The emergence of agentic AI is putting fresh pressure on the infrastructure layer. If Nvidia CEO Jensen Huang is correct in his assumptions, demand for accelerated compute will increase by 100x as enterprises deploy AI agents based on reasoning models. Where will customers get the necessary GPUs and servers to run these inference workloads? The cloud is one obvious place, but some warn it could be too expensive.
When ChatGPT landed on the scene in late 2022 and early 2023, there was a Gold Rush mentality, and companies opened up the purse strings to explore different approaches. Much of that exploration was done in the cloud, where the costs for sporadic workloads can be lower. But now as companies zero in on what sort of AI they want to run on a longterm basis–which in many cases will be agentic AI–the cloud doesn’t look as good of an option.
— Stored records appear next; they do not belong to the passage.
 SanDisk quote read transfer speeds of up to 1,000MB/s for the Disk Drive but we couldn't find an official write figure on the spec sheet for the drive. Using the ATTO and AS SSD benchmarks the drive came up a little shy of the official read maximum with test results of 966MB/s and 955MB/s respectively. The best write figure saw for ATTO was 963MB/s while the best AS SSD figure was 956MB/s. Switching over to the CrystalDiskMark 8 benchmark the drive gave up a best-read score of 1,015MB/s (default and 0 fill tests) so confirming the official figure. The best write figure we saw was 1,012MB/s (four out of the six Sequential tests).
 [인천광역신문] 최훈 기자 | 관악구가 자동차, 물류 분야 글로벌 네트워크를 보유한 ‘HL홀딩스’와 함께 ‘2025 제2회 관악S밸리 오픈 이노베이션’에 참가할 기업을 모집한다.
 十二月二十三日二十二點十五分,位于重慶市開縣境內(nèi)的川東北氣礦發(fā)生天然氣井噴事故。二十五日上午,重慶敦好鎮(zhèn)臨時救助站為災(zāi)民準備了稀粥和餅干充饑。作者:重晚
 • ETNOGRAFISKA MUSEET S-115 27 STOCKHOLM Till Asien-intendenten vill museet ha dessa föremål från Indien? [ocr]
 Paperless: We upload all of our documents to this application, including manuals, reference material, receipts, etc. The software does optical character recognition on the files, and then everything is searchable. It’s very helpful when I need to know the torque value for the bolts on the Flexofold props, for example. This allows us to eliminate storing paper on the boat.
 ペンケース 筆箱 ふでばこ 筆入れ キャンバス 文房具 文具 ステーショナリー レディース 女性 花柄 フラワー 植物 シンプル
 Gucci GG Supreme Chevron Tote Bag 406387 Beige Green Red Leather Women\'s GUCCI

One of the companies helping enterprises to move AI from proof of concept to deployed reality is H2O.ai. a San Francisco-based provider of predictive and generative AI solutions. According to H2O’s founder and CEO, Sri Ambati, its partnership with Dell to deploy on-prem AI factories at customer sites is gaining steam.
“People threw a lot of things in the exploratory phase, and there was unlimited budgets a couple of years ago to do that,” Ambati told BigDATAwire in an interview at GTC 2025 in San Jose this week. “People just starting have that mindset of unlimited budget. But when they go from demos to production, from pilots to production…it’s a long journey.”
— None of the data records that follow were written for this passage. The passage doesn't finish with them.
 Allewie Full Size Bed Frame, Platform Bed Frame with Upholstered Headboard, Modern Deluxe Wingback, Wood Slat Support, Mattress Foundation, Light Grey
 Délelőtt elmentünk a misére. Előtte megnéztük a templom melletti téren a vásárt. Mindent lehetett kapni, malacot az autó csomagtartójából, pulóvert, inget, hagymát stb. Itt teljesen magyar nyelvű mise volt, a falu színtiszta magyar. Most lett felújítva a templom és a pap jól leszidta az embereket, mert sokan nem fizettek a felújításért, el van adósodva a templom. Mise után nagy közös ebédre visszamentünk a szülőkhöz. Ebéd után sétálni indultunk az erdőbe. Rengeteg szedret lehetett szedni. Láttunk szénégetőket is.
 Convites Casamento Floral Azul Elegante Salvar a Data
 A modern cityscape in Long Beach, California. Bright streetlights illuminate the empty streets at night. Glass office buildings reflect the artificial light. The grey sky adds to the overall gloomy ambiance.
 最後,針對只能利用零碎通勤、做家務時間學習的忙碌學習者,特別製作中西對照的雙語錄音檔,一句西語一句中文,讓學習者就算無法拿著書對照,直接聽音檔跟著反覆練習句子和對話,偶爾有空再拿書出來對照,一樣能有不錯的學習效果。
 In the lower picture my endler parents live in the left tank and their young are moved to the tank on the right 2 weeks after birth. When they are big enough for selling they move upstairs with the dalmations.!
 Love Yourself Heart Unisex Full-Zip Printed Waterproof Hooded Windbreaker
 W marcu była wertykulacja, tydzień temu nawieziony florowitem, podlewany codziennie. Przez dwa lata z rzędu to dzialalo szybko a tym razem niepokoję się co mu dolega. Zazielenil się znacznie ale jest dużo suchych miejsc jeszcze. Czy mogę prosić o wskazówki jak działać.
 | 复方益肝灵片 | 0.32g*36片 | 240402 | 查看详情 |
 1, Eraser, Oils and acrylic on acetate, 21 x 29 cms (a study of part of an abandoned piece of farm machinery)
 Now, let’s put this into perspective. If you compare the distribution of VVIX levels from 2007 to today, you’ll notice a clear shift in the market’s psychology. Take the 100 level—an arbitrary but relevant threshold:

These 16 OEMs are currently shipping systems with Nvidia’s latest Blackwell GPUs, as Huang demonstrated during his keynote at GTC 2025 this week.
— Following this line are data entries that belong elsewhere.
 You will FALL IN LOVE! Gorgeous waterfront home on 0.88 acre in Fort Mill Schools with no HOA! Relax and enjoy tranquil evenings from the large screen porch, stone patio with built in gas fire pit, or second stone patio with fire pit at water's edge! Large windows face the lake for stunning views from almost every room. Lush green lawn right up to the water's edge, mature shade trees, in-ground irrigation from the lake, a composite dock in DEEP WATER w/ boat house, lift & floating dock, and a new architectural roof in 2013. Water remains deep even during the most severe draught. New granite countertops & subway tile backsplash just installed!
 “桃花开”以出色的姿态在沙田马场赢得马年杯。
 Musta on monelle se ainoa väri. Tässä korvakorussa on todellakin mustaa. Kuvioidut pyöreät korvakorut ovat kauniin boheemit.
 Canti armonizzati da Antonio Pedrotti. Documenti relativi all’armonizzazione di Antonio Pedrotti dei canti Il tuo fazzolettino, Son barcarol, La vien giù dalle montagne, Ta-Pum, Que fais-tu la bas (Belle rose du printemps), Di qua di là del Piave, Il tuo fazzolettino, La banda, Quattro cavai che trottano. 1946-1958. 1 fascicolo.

In many cases, that journey involves analyzing the cost of turning words into tokens that are processed by the large language models (LLMs), and then turning the output back into words that are presented to the user. The emergence of reasoning models changes the token math, in large part because there are many more steps in the chain-of-thought reasoning done with reasoning models, which necessitates many more tokens. Ambati said he doesn’t believe that it’s a 100x difference, as the reasoning models will be more efficient than Huang claimed. But efficiency demands better bang-for-your-buck, and for many that means moving on-prem, he said.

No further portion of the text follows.